SUPPLIED DATA START

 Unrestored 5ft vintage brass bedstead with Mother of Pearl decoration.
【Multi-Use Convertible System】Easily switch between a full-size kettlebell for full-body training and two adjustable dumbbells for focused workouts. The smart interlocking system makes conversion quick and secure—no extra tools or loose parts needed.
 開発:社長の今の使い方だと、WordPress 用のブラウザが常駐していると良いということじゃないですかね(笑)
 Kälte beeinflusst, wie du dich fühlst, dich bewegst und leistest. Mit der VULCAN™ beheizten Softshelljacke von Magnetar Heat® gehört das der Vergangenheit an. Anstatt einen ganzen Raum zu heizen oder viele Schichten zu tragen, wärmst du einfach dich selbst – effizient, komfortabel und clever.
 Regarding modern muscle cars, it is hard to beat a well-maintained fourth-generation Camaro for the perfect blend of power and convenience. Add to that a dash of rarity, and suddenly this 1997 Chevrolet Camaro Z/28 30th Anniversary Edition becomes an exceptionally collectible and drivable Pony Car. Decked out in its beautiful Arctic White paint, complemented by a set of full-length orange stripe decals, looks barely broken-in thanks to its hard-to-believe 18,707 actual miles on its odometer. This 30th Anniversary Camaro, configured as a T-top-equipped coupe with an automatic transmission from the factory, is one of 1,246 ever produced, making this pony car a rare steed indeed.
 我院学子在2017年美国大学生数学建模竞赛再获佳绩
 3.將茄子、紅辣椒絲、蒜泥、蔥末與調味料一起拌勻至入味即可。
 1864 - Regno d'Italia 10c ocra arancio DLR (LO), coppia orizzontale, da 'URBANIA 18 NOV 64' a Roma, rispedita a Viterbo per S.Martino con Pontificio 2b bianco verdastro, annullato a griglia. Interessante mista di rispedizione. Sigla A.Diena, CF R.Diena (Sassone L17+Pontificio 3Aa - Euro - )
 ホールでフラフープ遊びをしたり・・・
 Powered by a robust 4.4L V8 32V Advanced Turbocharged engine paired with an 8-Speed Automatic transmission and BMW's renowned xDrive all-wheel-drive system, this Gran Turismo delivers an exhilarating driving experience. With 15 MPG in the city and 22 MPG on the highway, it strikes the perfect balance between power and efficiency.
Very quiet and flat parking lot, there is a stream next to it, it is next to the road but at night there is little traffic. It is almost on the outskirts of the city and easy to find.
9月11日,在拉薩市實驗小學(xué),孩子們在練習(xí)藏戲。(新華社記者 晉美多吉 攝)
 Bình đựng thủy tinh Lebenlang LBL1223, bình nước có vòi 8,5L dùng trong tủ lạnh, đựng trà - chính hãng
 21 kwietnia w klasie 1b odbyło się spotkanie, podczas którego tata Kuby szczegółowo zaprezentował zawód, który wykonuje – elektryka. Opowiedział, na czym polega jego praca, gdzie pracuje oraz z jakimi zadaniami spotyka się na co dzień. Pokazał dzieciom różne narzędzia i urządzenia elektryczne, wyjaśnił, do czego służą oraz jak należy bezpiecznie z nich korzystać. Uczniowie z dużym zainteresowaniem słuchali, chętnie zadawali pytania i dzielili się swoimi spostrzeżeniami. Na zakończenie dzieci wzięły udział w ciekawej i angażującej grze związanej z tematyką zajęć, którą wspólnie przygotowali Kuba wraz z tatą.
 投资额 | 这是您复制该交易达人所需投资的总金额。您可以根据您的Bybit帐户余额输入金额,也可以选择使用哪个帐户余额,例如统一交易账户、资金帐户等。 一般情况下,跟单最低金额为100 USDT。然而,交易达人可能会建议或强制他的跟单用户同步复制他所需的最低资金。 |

SUPPLIED DATA END

Give the exact lines, and only those, from the line containing "9月11日,在拉薩市實驗小學(xué),孩子們在練習(xí)藏戲。(新華社記者 晉美多吉 攝)" through the line containing "Bình đựng thủy" in the entries above.

9月11日,在拉薩市實驗小學(xué),孩子們在練習(xí)藏戲。(新華社記者 晉美多吉 攝)
 Bình đựng thủy tinh Lebenlang LBL1223, bình nước có vòi 8,5L dùng trong tủ lạnh, đựng trà - chính hãng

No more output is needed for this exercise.